Wednesday, April 21, 2010

Cousin Connections

I've love going to our family reunions and watching my kids reconnect with their cousins.  It's like old friends who meet up.  They're absolutely thrilled to see each other and then  immediately pick up where they left off.  To hear my kids in the car as we drive up to the hotel, well...it's kind of magical.  The sound of love and admiration they have for these people whom they haven't seen in a year.  It is clear that somehow, instinctually, they love these people.

This is something I missed out on as a child.  We didn't have reunions.  My grandparents had all passed on by the time I was born.  I only had one aunt and uncle on my dad's side.  We got together with them every so often, but there was little connection there.  My mom was an only child, so there were no connections there.

I have appreciated the initiative my older siblings have taken to get the reunion thing started for our kids.  They started small--a family gathering for a picnic in a park when my brother's family was in town one year.  From there, it has blossomed, and every year it gets better.  As soon as it's over, my kids count down to the next July.

Because my mom was an only child and her mom passed away when she was so young, family connections have been severed.  Through exploring family history and putting some of it on the web, I have now made connections with a number of the Stegner (my mom's) side of the family, but last night I had a long-lost cousin experience.

I think it's strange that I'd choose to post about Esther (my last post) when I did.  I'm not sure what caused me to write about her, but yesterday, via Ancestry.com, I received an email from a Holz cousin.  Esther was a Holz.  I have her piano (as I mentioned before) and a chest that the Holz family brought over to the U.S. from Germany.  I have a love for them that I can't explain.  The day my mom passed away, I went through the things on her desk.  Among them was one family history book--the Holz book.  It was, most likely, the last family she had researched.  The Holz family has been very hard to find.  Of all the research books she kept, the Holz book is by far the smallest.

I went to Ancestry and found a message from a woman named Jennifer.  She tole me that she is the great-granddaughter of Esther's eldest brother, Harry.  I responded and asked her to come to the Esther blog post.

We corresponded about three times yesterday.  I gave her my phone number, and at 9:59 last evening, she responded with hers.  I read her message to Z and he persuaded me to call her.  It was 10:15pm.  I told him there was no way I could do that, but he said, "She just wrote you.  She's up.  Call her!"  So, I did.  You can do that with family, right?

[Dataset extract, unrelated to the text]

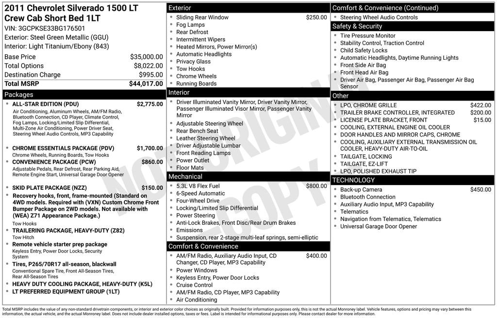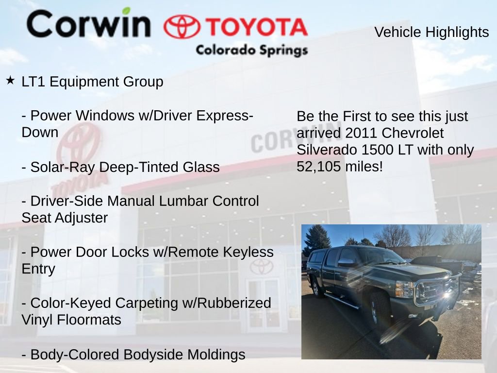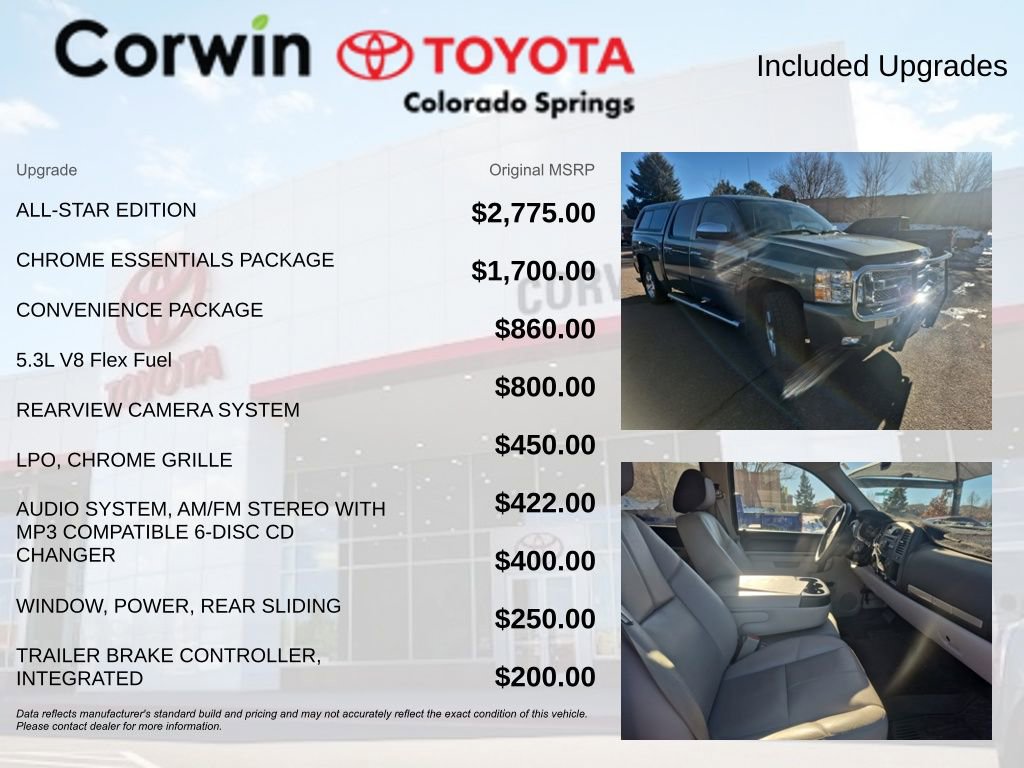 This Chevrolet Silverado 1500 is well equipped and includes the following features and benefits, 17" x 7.5" 5-Spoke Aluminum Wheels, 18" x 8" Chrome-Clad Aluminum Wheels, 6 Speaker Audio System Feature, 6" Tubular Oval Chrome Assist Steps, All-Star Edition, AM/FM Stereo w/CD Player & MP3 Playback, Bluetooth® For Phone, Body-Colored Bodyside Moldings, Chrome Door Handles & Mirror Caps, Chrome Essentials Package, Chrome Grille Surround, Chrome Recovery Hooks, Color-Keyed Carpeting w/Rubberized Vinyl Floormats, Convenience Package, Driver & Front Passenger Illuminated Visor Mirrors, Driver-Side Manual Lumbar Control Seat Adjuster, Dual-Zone Automatic Climate Control, Electric Rear-Window Defogger, Electronic Autotrac Transfer Case, Electronic Cruise Control w/Set & Resume Speed, EZ-Lift Tailgate, Front Halogen Fog Lamps, Heated Power-Adjustable Black Outside Mirrors, Heavy Duty Cooling Package, Heavy-Duty Air-to-Oil External Engine Oil Cooler, Heavy-Duty Auxiliary External Transmission Oil Cooler, Heavy-Duty Handling/Trailering Suspension Package, Heavy-Duty Rear Automatic Locking Differential, Heavy-Duty Trailering Package, Heavy-Duty Trailering Package (Retail), Leather-Wrapped Steering Wheel, Locking Tailgate, LT1 Equipment Group, Polished Exhaust Tip, Power Door Locks w/Remote Keyless Entry, Power Windows w/Driver Express-Down, Power-Adjustable Pedals For Accelerator & Brake, Remote Vehicle Starter System, Skid Plate Package, Solar-Ray Deep-Tinted Glass, Spare Tire Lock, Steering Wheel Mounted Audio Controls, Ultrasonic Rear Parking Assist w/Audible Warning, Universal Home Remote.
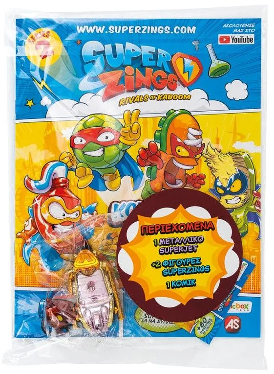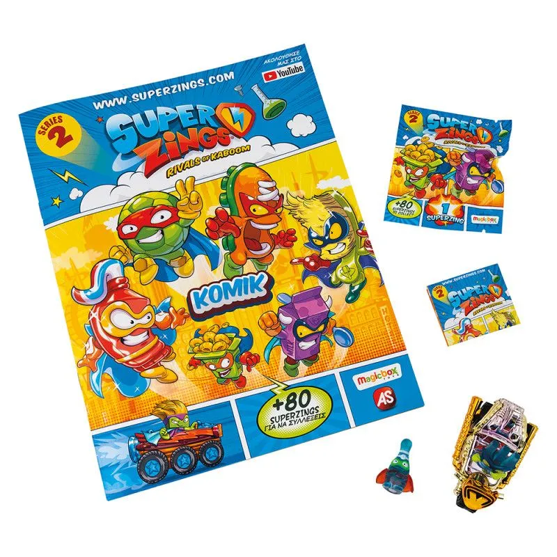 Superzings Σειρά 2 Rivals Of Kaboom Κόμικ Starter Pack Ήρθαν τα Superzings, αντικείμενα της καθημερινότητας που έχουν μοναδικές υπερδυνάμεις! Κάθε χαρακτήρας έχει τον αντίπαλό του, υπάρχουν σούπερ-ήρωες και σούπερ-κακοί! Συναγερμός!!! Ποιος κλέβει το μαγικό Kazoom; Είναι ο Enigma! Θέλει να καταστρέψει την Kaboom City; Τι ετοιμάζει ο Professor K; Μάθε…

It was a cousin experience just like my children have at the family reunions.  She accepted my call with an enthusiastic voice.  We chatted for a little more than an hour.  The conversation was non-stop.  It was as if we'd always known each other.

She, like me, has a lost family link.  Her grandmother, Harry's daughter, had also died at a young age, leaving Jenn's mother when she was nine.  Jenn, like me, is wanting to fill in that gap and regather her family.  She said that she had heard the names Hamm and Stegner from her mom, but they didn't know who that was--that was my mom, so I know my mom had made contact at some point in the past.  What else would I expect--that was my mom.

As we talked, I scanned a few photos for Jenn--her great-grandfather as a child with his younger brother and the Holz children with two cousins.

During that one hour, I learned more about the Holz family than I had known before.  I learned that my great-grandparents who always had someone living with them, raised my great-grandfather brother's two children after their parents had died of tuberculosis.  I learned that those children had lost both of their parents on the same day.  I learned that the baby who so hauntingly resembles my children, the baby "sleeping" so peacefully in the casket, was the child of this same family, who died at five months old from whooping cough.

Suddenly holes in this family history are being filled in.  So now, my next task--scanning the photos.  I figure if I do about five a day, there will be discs ready for the family well before Christmas.